• Material supplied:
^^^^^^^^^^^^^^^^

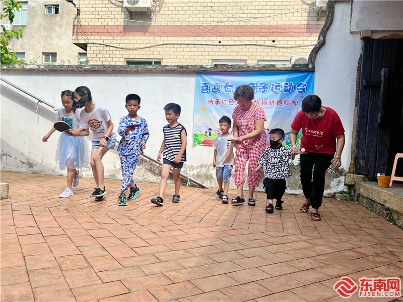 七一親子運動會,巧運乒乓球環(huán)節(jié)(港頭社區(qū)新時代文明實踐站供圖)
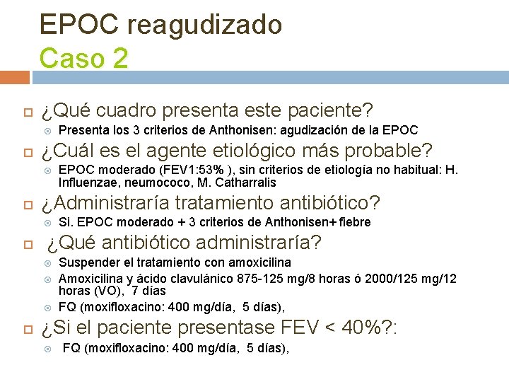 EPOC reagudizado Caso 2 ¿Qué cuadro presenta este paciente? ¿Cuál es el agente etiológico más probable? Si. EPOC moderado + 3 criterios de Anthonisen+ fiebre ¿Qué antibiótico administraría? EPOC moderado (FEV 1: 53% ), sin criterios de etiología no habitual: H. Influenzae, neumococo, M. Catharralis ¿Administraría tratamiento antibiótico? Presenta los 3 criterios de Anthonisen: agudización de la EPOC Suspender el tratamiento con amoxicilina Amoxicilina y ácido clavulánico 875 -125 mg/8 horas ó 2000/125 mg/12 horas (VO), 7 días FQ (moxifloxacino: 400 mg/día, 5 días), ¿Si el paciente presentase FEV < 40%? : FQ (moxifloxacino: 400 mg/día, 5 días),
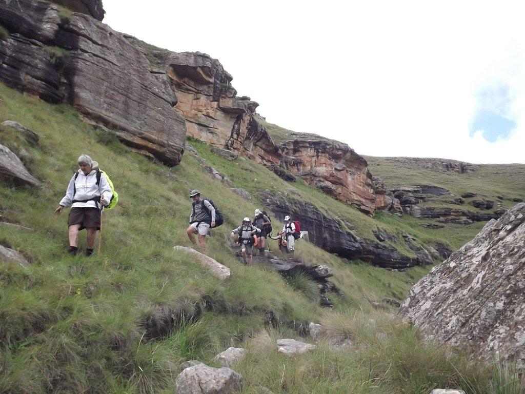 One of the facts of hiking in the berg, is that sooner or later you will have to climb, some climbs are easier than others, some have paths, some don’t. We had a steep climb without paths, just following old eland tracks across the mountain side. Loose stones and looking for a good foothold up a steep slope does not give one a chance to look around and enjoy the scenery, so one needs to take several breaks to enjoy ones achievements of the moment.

^^^^^^^^^^^^^^^^

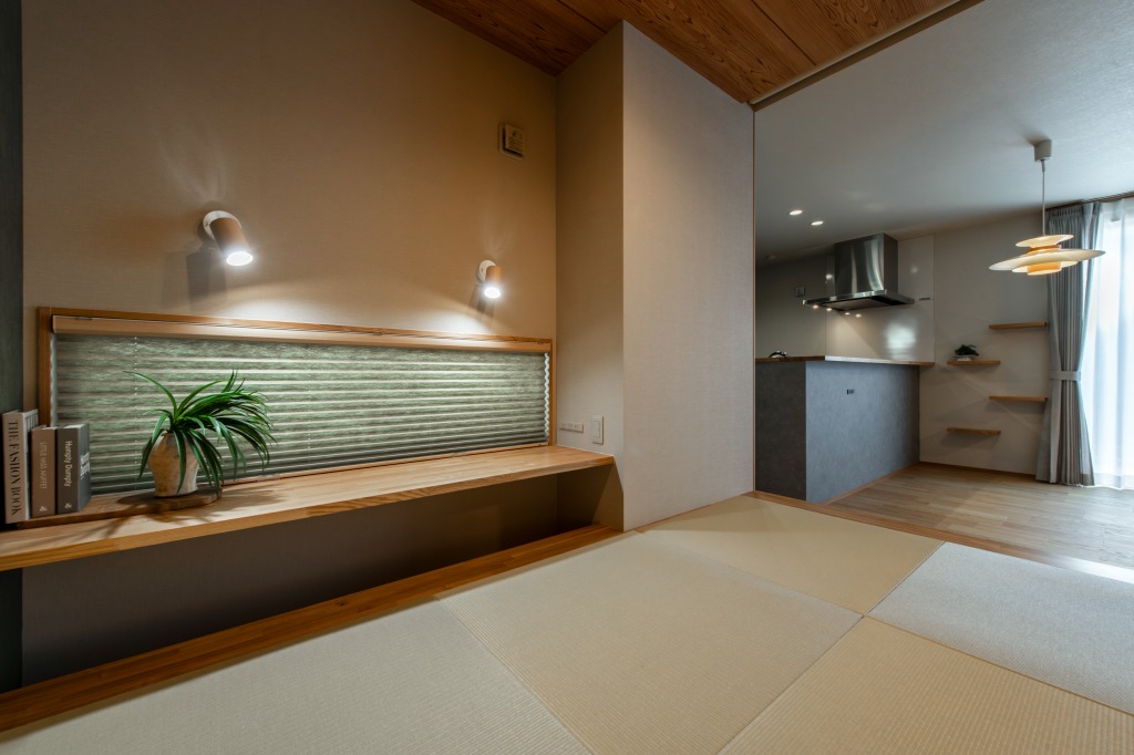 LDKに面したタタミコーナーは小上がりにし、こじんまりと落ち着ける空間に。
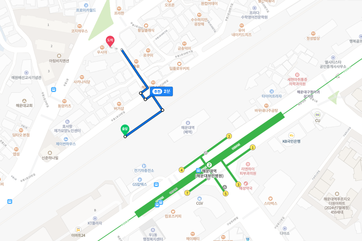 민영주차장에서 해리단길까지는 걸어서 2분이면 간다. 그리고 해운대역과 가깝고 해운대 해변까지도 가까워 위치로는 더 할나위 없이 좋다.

^^^^^^^^^^^^^^^^

• Instructions for the task: Of the records above, print only the lines from the one containing "七一親子運動會,巧運乒乓球環" through the one containing "EPOC reagudizado Caso", inclusive and unaltered, leaving out pictures.

• Answer box:
 七一親子運動會,巧運乒乓球環(huán)節(jié)(港頭社區(qū)新時代文明實踐站供圖)
 EPOC reagudizado Caso 2 ¿Qué cuadro presenta este paciente? ¿Cuál es el agente etiológico más probable? Si. EPOC moderado + 3 criterios de Anthonisen+ fiebre ¿Qué antibiótico administraría? EPOC moderado (FEV 1: 53% ), sin criterios de etiología no habitual: H. Influenzae, neumococo, M. Catharralis ¿Administraría tratamiento antibiótico? Presenta los 3 criterios de Anthonisen: agudización de la EPOC Suspender el tratamiento con amoxicilina Amoxicilina y ácido clavulánico 875 -125 mg/8 horas ó 2000/125 mg/12 horas (VO), 7 días FQ (moxifloxacino: 400 mg/día, 5 días), ¿Si el paciente presentase FEV < 40%? : FQ (moxifloxacino: 400 mg/día, 5 días),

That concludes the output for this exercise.